### Aim of the exercise:
If pictures appear in the lines below, skip them and copy exactly the lines from the one containing "(通讯员:张轩轩)beats" through the one containing "IC degradation immediately", and nothing else.
::: Information shown
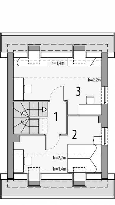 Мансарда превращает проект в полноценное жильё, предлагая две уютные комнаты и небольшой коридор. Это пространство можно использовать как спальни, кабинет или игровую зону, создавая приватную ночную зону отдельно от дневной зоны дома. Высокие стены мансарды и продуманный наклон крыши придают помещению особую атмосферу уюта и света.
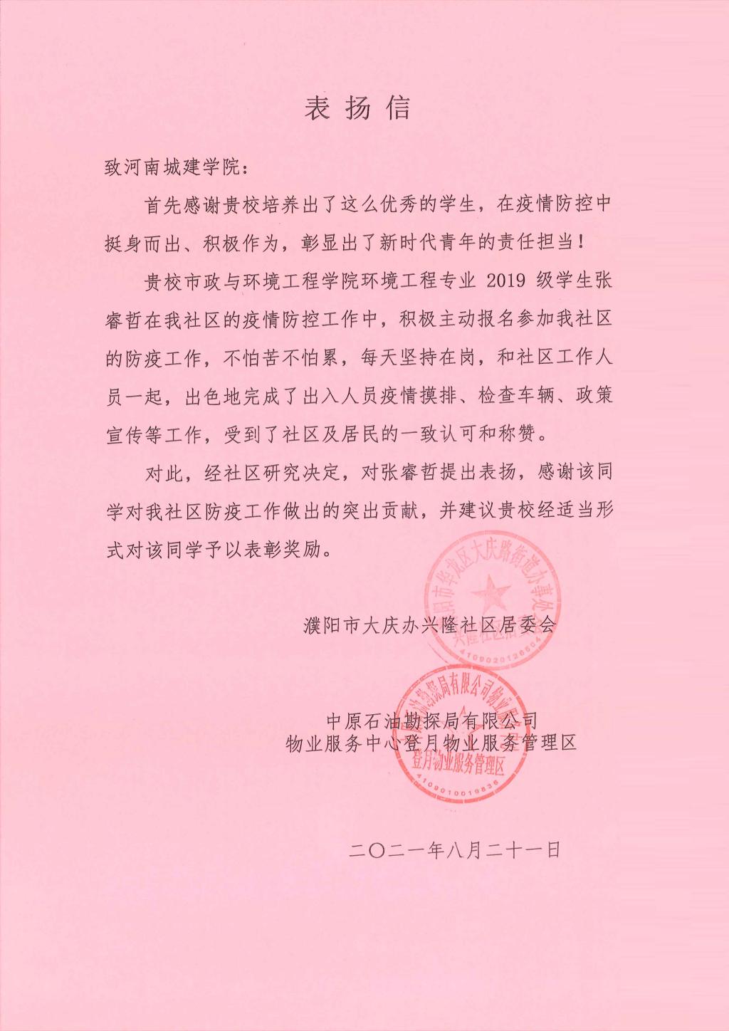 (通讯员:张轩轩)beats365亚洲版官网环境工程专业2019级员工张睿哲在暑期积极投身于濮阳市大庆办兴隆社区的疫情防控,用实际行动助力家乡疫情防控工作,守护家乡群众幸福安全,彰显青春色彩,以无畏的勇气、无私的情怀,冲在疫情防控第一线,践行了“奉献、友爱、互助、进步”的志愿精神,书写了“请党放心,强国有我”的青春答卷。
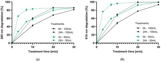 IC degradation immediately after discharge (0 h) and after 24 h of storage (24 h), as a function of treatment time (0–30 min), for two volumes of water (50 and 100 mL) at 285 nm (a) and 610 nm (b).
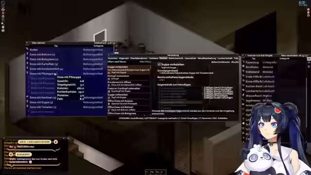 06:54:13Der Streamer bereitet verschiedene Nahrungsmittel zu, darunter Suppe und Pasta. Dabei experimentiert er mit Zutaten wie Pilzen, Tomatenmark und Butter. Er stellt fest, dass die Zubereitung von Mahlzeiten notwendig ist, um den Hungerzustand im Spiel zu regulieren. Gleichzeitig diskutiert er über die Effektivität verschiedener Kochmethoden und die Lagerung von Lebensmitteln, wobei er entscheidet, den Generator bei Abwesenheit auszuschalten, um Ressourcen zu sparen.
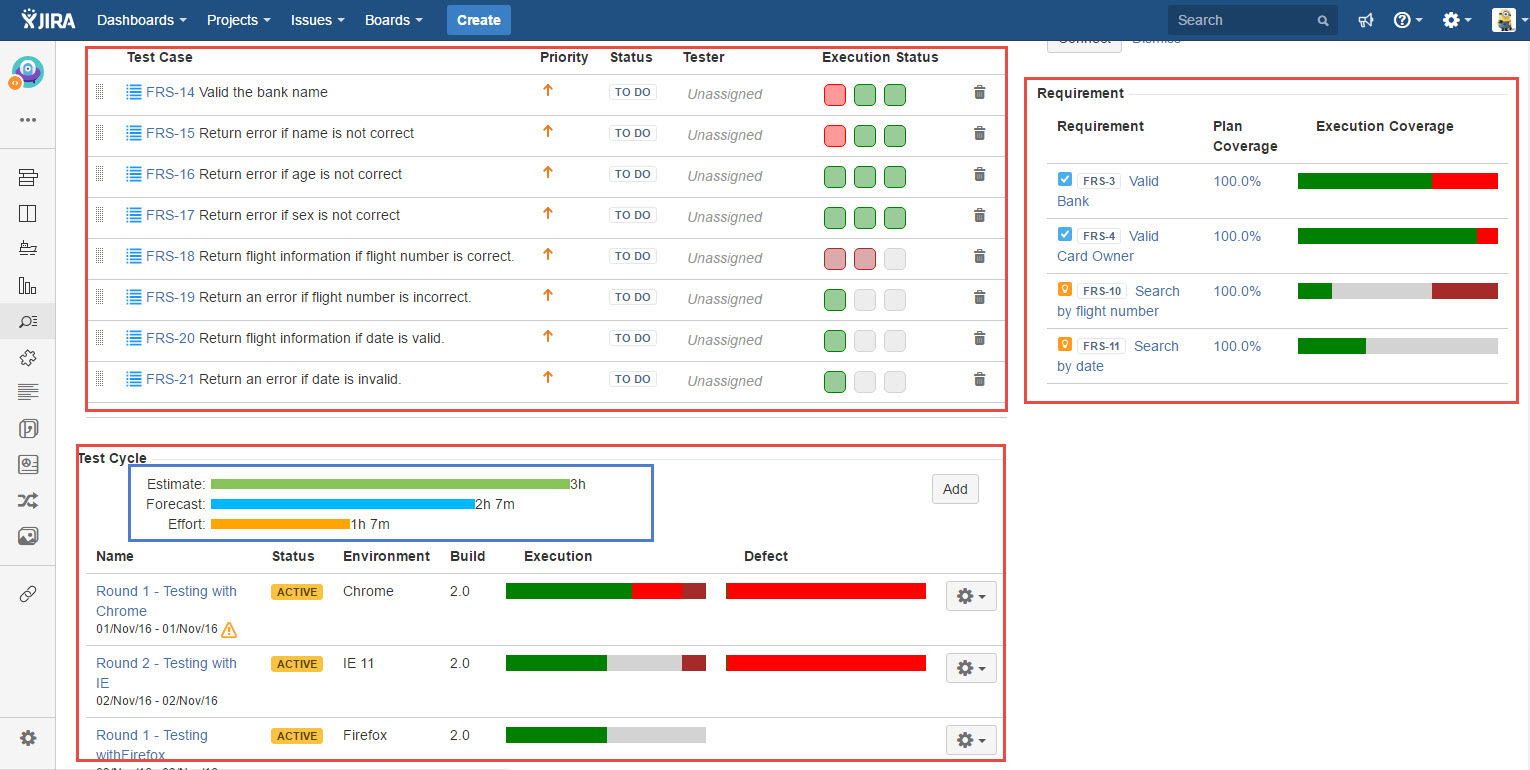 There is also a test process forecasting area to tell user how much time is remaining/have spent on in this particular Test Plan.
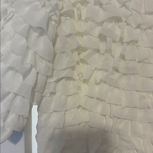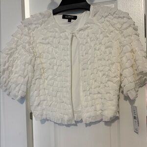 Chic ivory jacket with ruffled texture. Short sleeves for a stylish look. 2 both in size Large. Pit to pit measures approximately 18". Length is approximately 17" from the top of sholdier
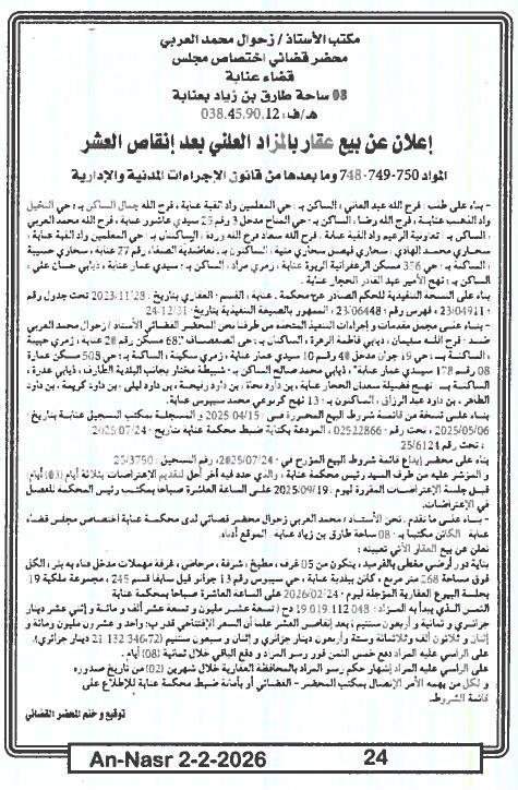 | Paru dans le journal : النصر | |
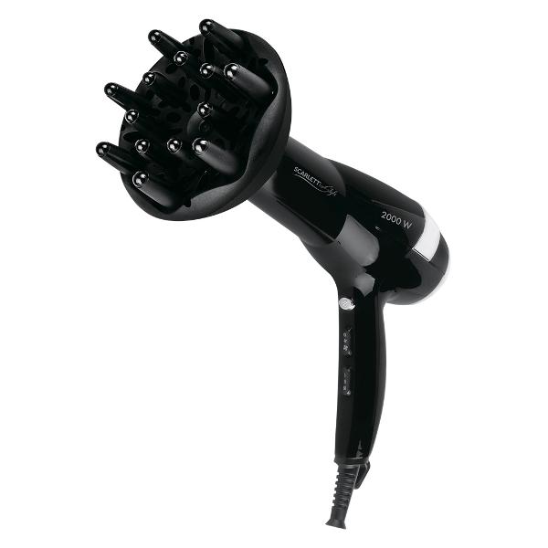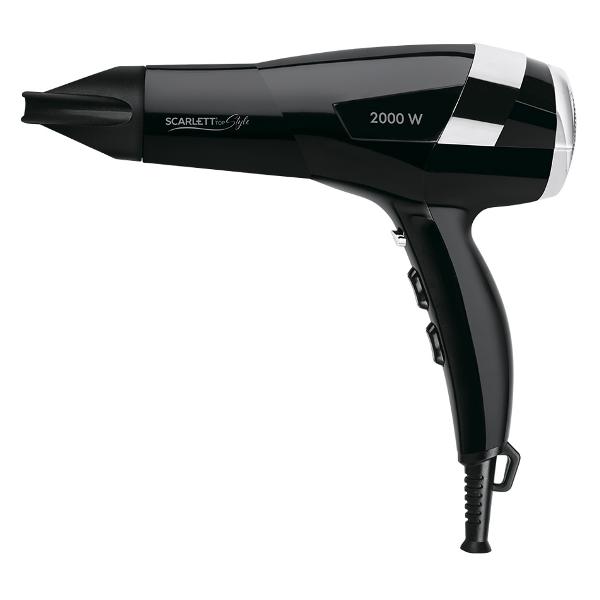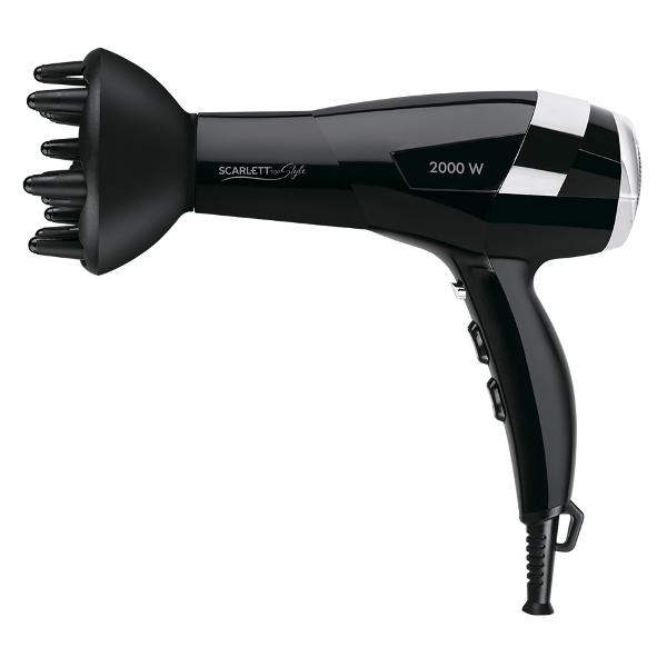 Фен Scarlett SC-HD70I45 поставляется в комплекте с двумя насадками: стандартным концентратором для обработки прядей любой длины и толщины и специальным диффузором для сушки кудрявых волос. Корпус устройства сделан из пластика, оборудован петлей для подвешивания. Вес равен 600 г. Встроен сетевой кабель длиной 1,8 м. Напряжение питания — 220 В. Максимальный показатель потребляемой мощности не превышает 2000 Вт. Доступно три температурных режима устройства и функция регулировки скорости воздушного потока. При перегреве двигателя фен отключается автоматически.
::::::
### Result for this exercise:
 (通讯员:张轩轩)beats365亚洲版官网环境工程专业2019级员工张睿哲在暑期积极投身于濮阳市大庆办兴隆社区的疫情防控,用实际行动助力家乡疫情防控工作,守护家乡群众幸福安全,彰显青春色彩,以无畏的勇气、无私的情怀,冲在疫情防控第一线,践行了“奉献、友爱、互助、进步”的志愿精神,书写了“请党放心,强国有我”的青春答卷。
 IC degradation immediately after discharge (0 h) and after 24 h of storage (24 h), as a function of treatment time (0–30 min), for two volumes of water (50 and 100 mL) at 285 nm (a) and 610 nm (b).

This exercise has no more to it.